If you have no objections with this process @Catnee , I will begin testing your solution against 5 Sudoku puzzles.

predicted YES

@Mira Part of my solution requires some initial dialog, i didn't had much time to document it, since i can't just copypaste it as a part of a prompt. Maybe i should clarify its implementation with more details, but that would technically be outside of time bounds

predicted NO

@Catnee @Mira Am I still waiting or has this been settled?

predicted YES

@jack I don't know, Mira hasn't confirmed anything to me yet

predicted NO

@jack You're still waiting, but it's likely going to resolve NO. I'm taking the opportunity to write a script to do the judging.

predicted NO

@Catnee @jack Resolves NO. I tested against 5 puzzles from the LA Times easy Sudokus. LA Times was chosen over NY times because they have an archive of past puzzles, and I'll be changing the presumptive source to them. Every "first thing that looks like a solved Sudoku" had at least two duplicates in some square when I looked.

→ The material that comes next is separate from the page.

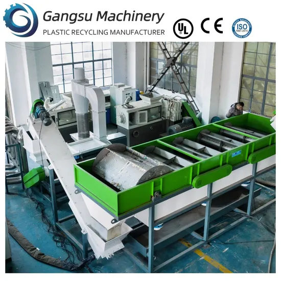 Our specialized HDPE PP recycling line is designed for reprocessing and cleaning HDPE bottles, pails, barrels, and PP pipes. The process includes bale opening, crushing, continuous washing, and drying using friction washing and a dewatering dryer.The final flakes, with less than 1% humidity, can be directly used in our plastic granulator to make pellets. Our automated HDPE PP rigid recycling equipment, ranging from 1000kg/h to 3000kg/h capacity, minimizes labor costs.
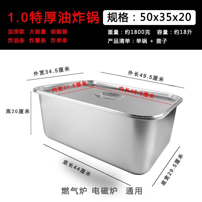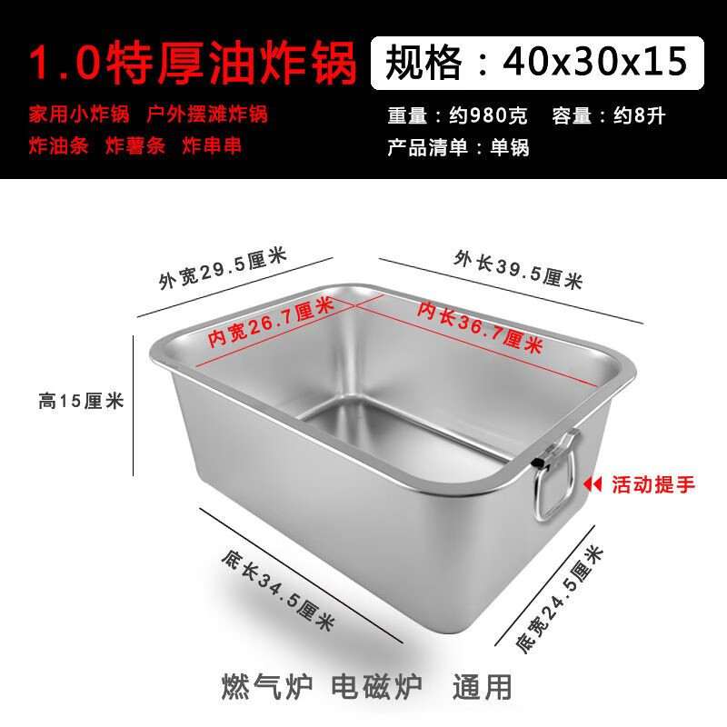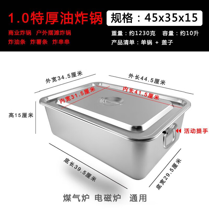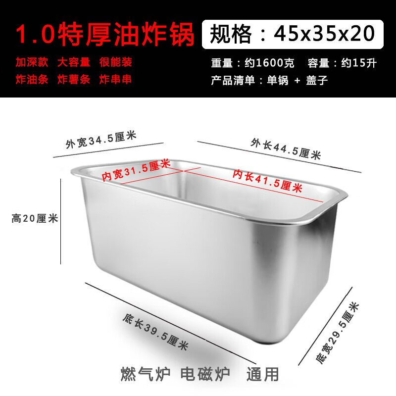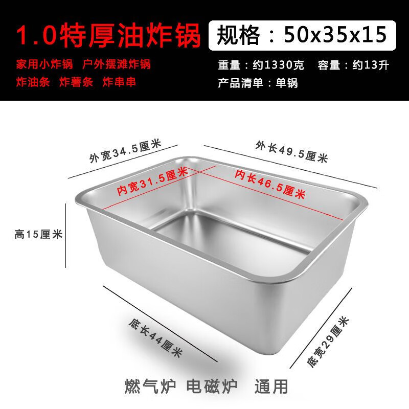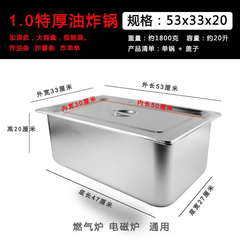Kamanpai thickened stainless steel commercial fryer deepens the inner tank of the fryer gas stall fried skewers crispy fryer with handle 0.7 thick long 33 wide 27 high 10 without cover 0 inch

Each transcript has the complete conversation history - the first couple it generated the Sudoku in one turn, but April 28 took 3 turns, and April 27 took 4 turns. But earlier in development, slight variations of your prompt would make it run for 10 or even 20 turns, which is why I decided to write a script.

It cost me $43 in API calls total: $35 while developing the script, and $8 to run it for these transcripts. GPT-4 wrote about half the code for working with Sudokus, including your row/column/box representation, even though it can't solve Sudokus itself.

Transcripts:

Catnee Sudoku - LA Times 2023-04-27 - Pastebin.com

Catnee Sudoku - LA Times 2023-04-28 - Pastebin.com

Catnee Sudoku - LA Times 2023-04-29 - Pastebin.com

Catnee Sudoku - LA Times 2023-04-30 - Pastebin.com

Catnee Sudoku - LA Times 2023-05-01 - Pastebin.com

You did not specify how the conversation continues after that initial prompt, so I used the word "continue", kept the last Assistant response in context, and dropped anything the original prompt and the last two responses.

I'll write a post on the main market soon with instructions on how you can reproduce these transcripts if you want to spend $8 on API calls.

Ok wait. Is self-looping allowed? Meaning that the model attaches the next question for itself to the initial answer, and that question is mirrored back to the model.

predicted YES

@Swordfish42 I'm not sure I understand what that means, but GPT4 should be able to solve freshly generated puzzles., it can't generate its own puzzles.

You can ask for clarifications in Mira's market https://manifold.markets/Mira/will-a-prompt-that-enables-gpt4-to and I'll follow the same rules.

predicted YES

What if someone finds one that works for the old ChatGPT based on GPT-3.5 ?

predicted YES

@Swordfish42 That doesn't count unless they find one that works for GPT4 - same as Mira said on the other market. It would also be very surprising if that were the case.

Why did you put 1 Jan 2024 as market close date?!?

@R2D2 Because I duplicated Mira's market. Fixed.